------ DATASET SECTION

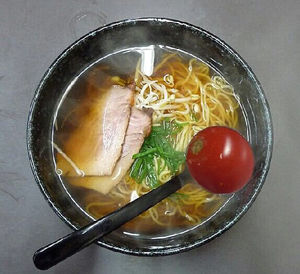 豚骨ラーメンとカレーうどんのハーフハーフでミニトマトトッピングや
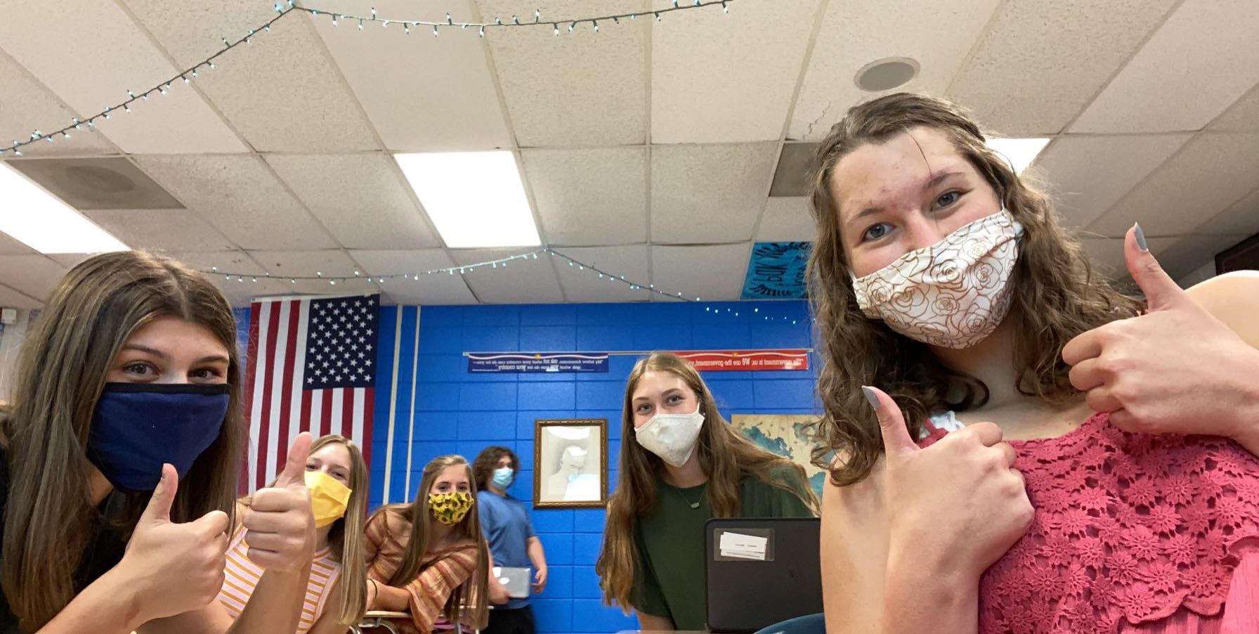 At first, I didn't think much of it. It wasn't too bad when I found out about it, but the virus was getting progressively worse. As we were leaving school for spring break, I expected to go back to school the following week. That is not what ended up happening. Cases were increasing, but I still wasn't very worried. I mainly focused on it being a risk mostly for older people, but younger people starting catching the virus. I never left my house except to go grocery shopping with my mom. My family didn't really take any precautions, we expected it to not affect us. My mom continued going to work when businesses starting shutting down for the time being. With being around the same people everyday, we didn't worry much. At the time, I was playing competitive volleyball. I still had about five or six tournaments left, but they all got cancelled. We were not able to make up the rest of the season, which was definitely upsetting. There ended up being a big party just outside of the town I lived in, and there were about 300+ people from my school and surrounding schools. It was not too long after restaurants and stores started opening back up along with sports activities. A lot of people ended up receiving the virus, leading to some restaurants to close one again. A lot of people from my school's cheer team had to be quarantined. Sports were once again shut down, waiting until the week before school started to start back up again. I was still involved in a summer league volleyball team, but we took precautions. We sanitized, didn't come in contact with the other team, and the spectators wore masks. It wasn't too much different, but school volleyball is going to be much different. There are a certain amount of people each player can invite, we have to wear masks on the bench (and while playing depending on where we are), and of course, spectators have to social distance and wear masks as well. During school when social distancing of 6 feet is not available, we are required to wear masks. There was an option of doing online school, or going in person. This is a picture of my friends and me during history class.
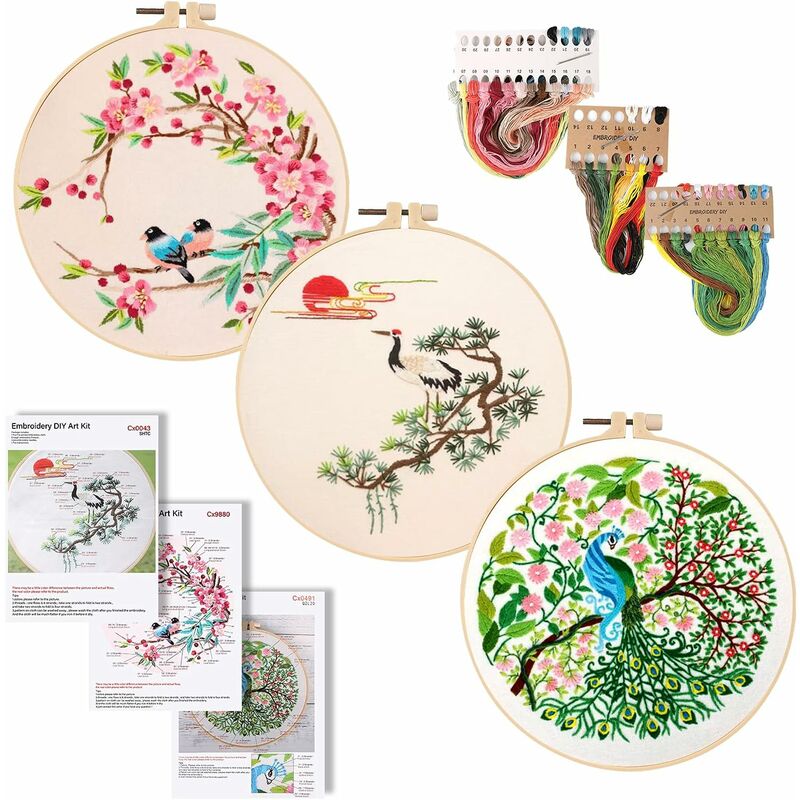 Il principiante più completo - Starter Kit per ricamo, il set per ricamo è dotato di tutti gli strumenti necessari per il ricamo. Contenuto della confezione: 1 telaio da ricamo 20 cm, 3 pezzi di cotone classico riserva 30 x 30 cm (con motivo su di esso), fili colorati, aghi da ricamo, 3 manuali. 【Kit di ricamo per principianti】 Kit di fili da ricamo 3 pezzi, Strumento di ricamo per principianti, il nostro kit di ricamo fai-da-te per adulti include tutto ciò di cui hai bisogno. Le istruzioni sono facili da seguire e mostrano abbastanza bene come eseguire i diversi punti tra cui: punto foglia, punto diritto, punto indietro e nodo francese. I telai per ricamo hanno una vite di fermo per tenere il tessuto da ricamo in posizione. 【Telaio da ricamo regolabile】 Il telaio da ricamo ha una vite di regolazione che puoi stringere se necessario per tenere il tessuto stretto come un tamburo.< /p> 【Decorazione squisita】Gamma completa di kit di base con tutti gli strumenti necessari per il ricamo.

------------

* ACTIVITY *
Every line of the listing is to be retyped exactly; pictures stay out.

* SOLVED PROBLEM *
 豚骨ラーメンとカレーうどんのハーフハーフでミニトマトトッピングや
 At first, I didn't think much of it. It wasn't too bad when I found out about it, but the virus was getting progressively worse. As we were leaving school for spring break, I expected to go back to school the following week. That is not what ended up happening. Cases were increasing, but I still wasn't very worried. I mainly focused on it being a risk mostly for older people, but younger people starting catching the virus. I never left my house except to go grocery shopping with my mom. My family didn't really take any precautions, we expected it to not affect us. My mom continued going to work when businesses starting shutting down for the time being. With being around the same people everyday, we didn't worry much. At the time, I was playing competitive volleyball. I still had about five or six tournaments left, but they all got cancelled. We were not able to make up the rest of the season, which was definitely upsetting. There ended up being a big party just outside of the town I lived in, and there were about 300+ people from my school and surrounding schools. It was not too long after restaurants and stores started opening back up along with sports activities. A lot of people ended up receiving the virus, leading to some restaurants to close one again. A lot of people from my school's cheer team had to be quarantined. Sports were once again shut down, waiting until the week before school started to start back up again. I was still involved in a summer league volleyball team, but we took precautions. We sanitized, didn't come in contact with the other team, and the spectators wore masks. It wasn't too much different, but school volleyball is going to be much different. There are a certain amount of people each player can invite, we have to wear masks on the bench (and while playing depending on where we are), and of course, spectators have to social distance and wear masks as well. During school when social distancing of 6 feet is not available, we are required to wear masks. There was an option of doing online school, or going in person. This is a picture of my friends and me during history class.
 Il principiante più completo - Starter Kit per ricamo, il set per ricamo è dotato di tutti gli strumenti necessari per il ricamo. Contenuto della confezione: 1 telaio da ricamo 20 cm, 3 pezzi di cotone classico riserva 30 x 30 cm (con motivo su di esso), fili colorati, aghi da ricamo, 3 manuali. 【Kit di ricamo per principianti】 Kit di fili da ricamo 3 pezzi, Strumento di ricamo per principianti, il nostro kit di ricamo fai-da-te per adulti include tutto ciò di cui hai bisogno. Le istruzioni sono facili da seguire e mostrano abbastanza bene come eseguire i diversi punti tra cui: punto foglia, punto diritto, punto indietro e nodo francese. I telai per ricamo hanno una vite di fermo per tenere il tessuto da ricamo in posizione. 【Telaio da ricamo regolabile】 Il telaio da ricamo ha una vite di regolazione che puoi stringere se necessario per tenere il tessuto stretto come un tamburo.< /p> 【Decorazione squisita】Gamma completa di kit di base con tutti gli strumenti necessari per il ricamo.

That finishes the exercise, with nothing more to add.